In order to do that, you need to:

• perform penetration tests,
• do regular vulnerability and privacy checkups with tools such as Static Application Security Testing (SAST), Interactive Application Security Testing (IAST), or Dynamic Application Security Testing (DAST),
• implement appropriate counter-measures,
• educate programmers and architects on web development security,
• introduce safe processes such as Security Development Lifecycle (SDL) and DevSecOps,
• patch up your app according to the needs and industry best practices.

How do companies implement it in practice?

TSH response

At The Software House, we do the following:

• For each interested client, we carry out a vulnerability assessment procedure. With that, we can catch a lot of vulnerabilities before the app is even released.
• In addition to that, we form up a security team that consists of DevOps, QA, and security specialists as well as a CTO. It makes communication on analysis and debugging easier.
• Finally, we developed company-wide standards based on our own experience from numerous big commercial projects. It included a list of processes to be implemented in case of finding vulnerabilities and a pre-deploy security checklist. Shortened versions of both of these documents are available to all team members. The security team handles specialized information, audits, and consultations.

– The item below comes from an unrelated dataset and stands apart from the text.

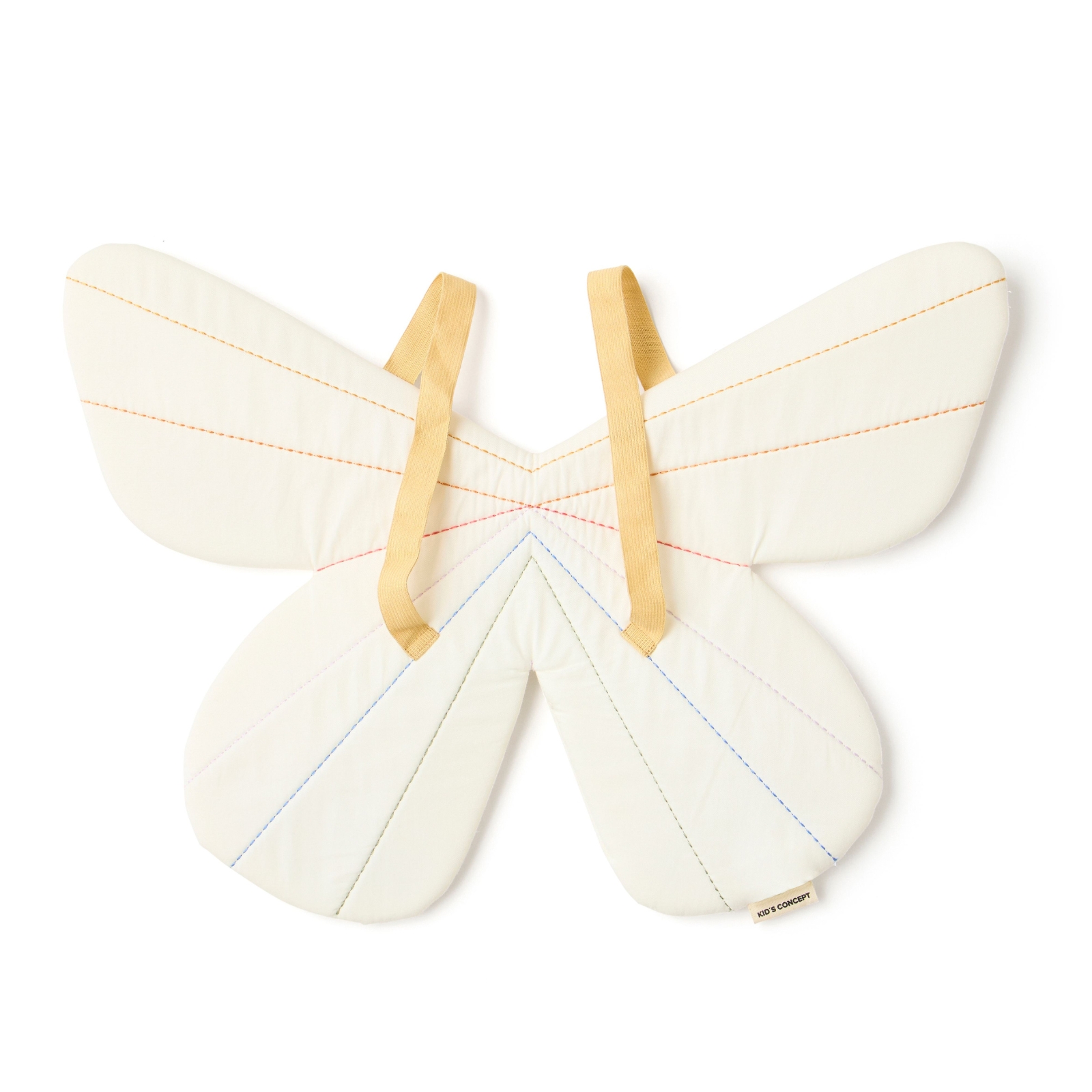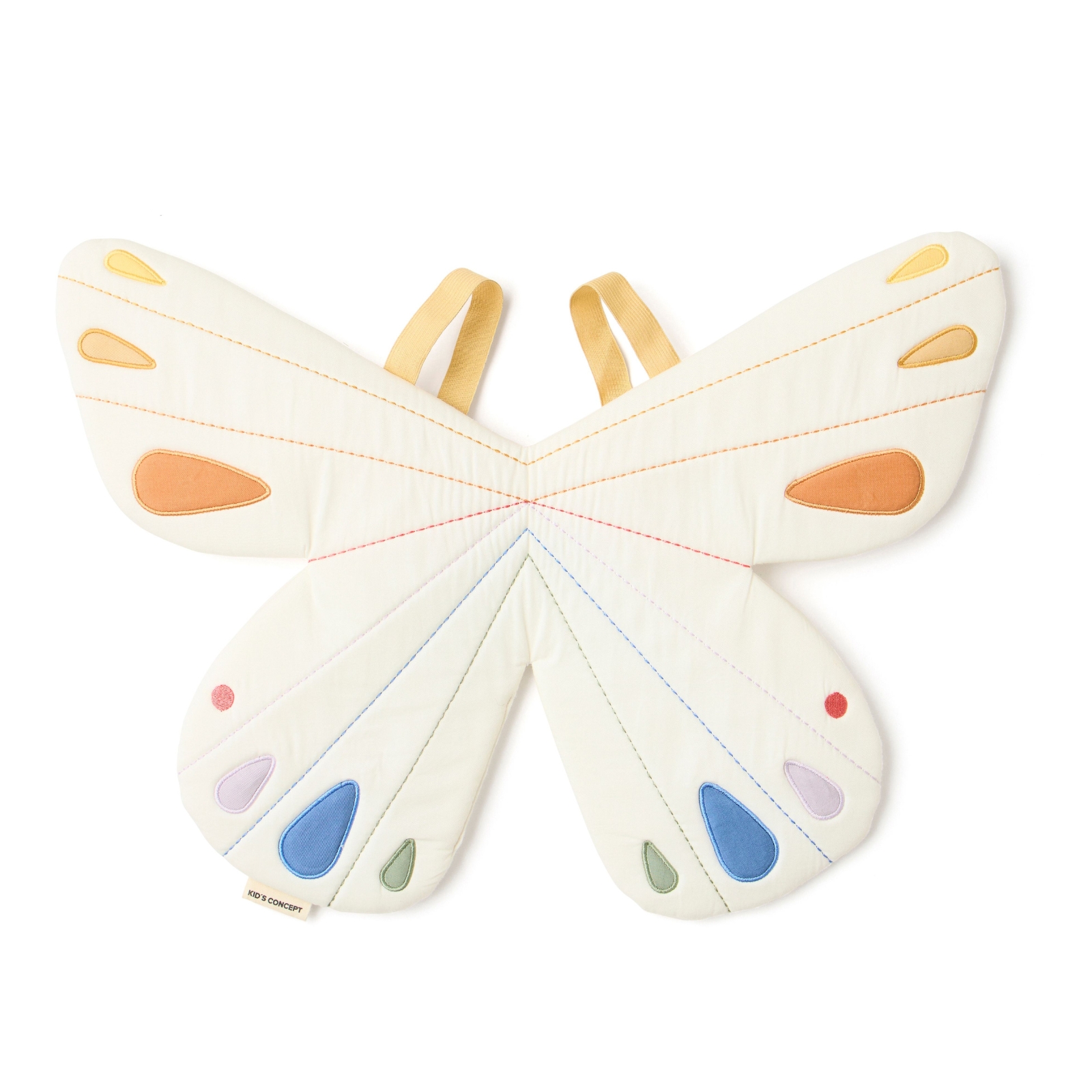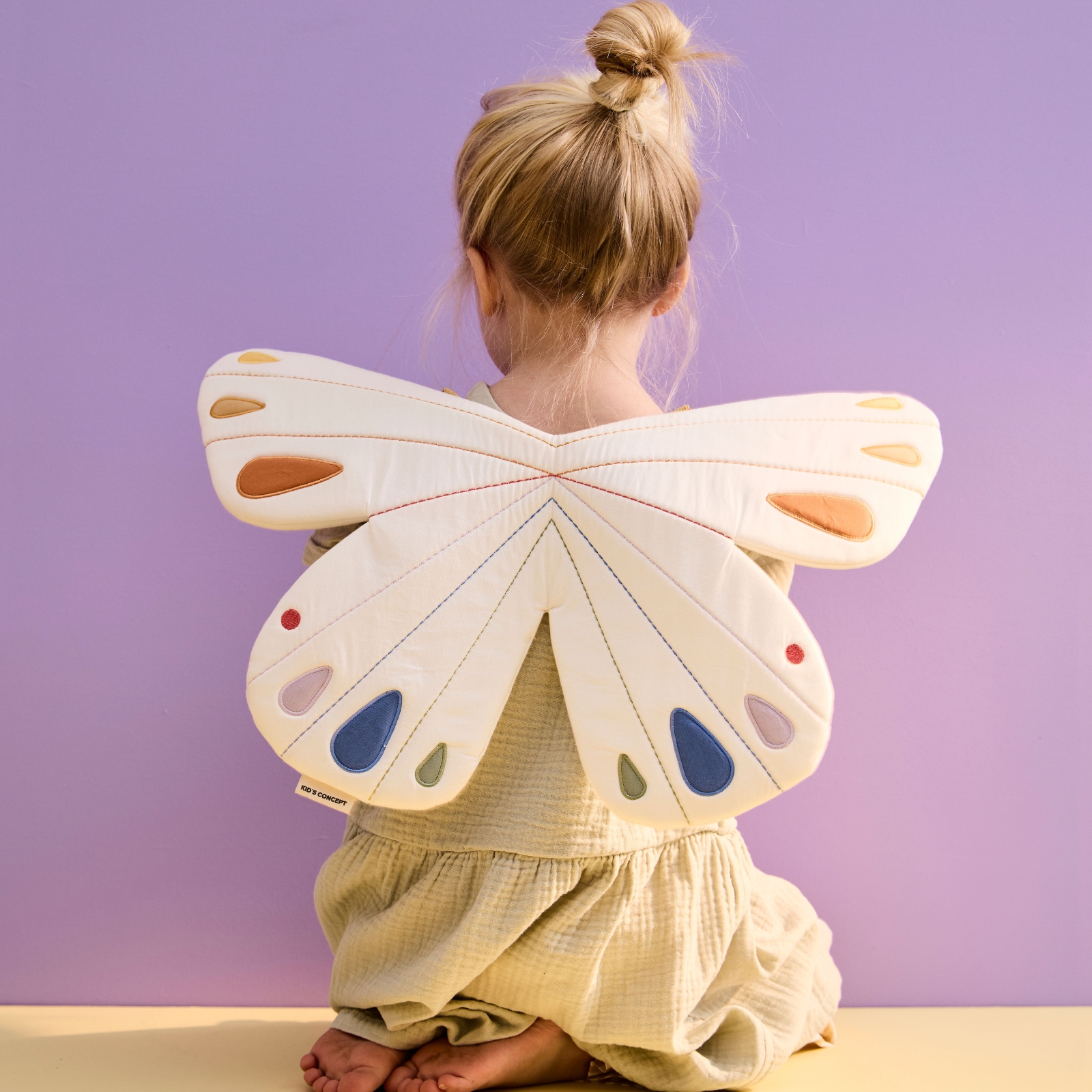 "Fjärlien svävar på mjuka vindar, dess ömtåliga vingar målar luften med en lätt rörelse." De här vingarna är designade för att bäras på ryggen med elastiska axelband, vilket gör dem både enkla och bekväma att ta på. Vingarna är vadderade för att behålla sin form under leken, och de broderade detaljerna ger både stadga och textur. Utklädningslek hjälper barn att utforska sin kreativitet och utveckla sina berättarförmågor, och vingar som dessa uppmuntrar till aktiv rörelse när de låtsas "flyga". Den enkla designen gör det lätt för barnen att ta på sig själva, vilket stödjer självständig lek.

Let’s go to more particular vulnerabilities.

#2 Operator-sided Data Leakage

⏱️ Frequency: High,
🤜 Impact: Very high,
🔎 Type: Organizational / Technical

This one is all about preventing leakages of any user data the loss of which would constitute a breach of confidentiality. Sometimes it is caused by an actual cyber attack, but it is also often the result of errors, including botched access control management, improper data storage, or data duplication.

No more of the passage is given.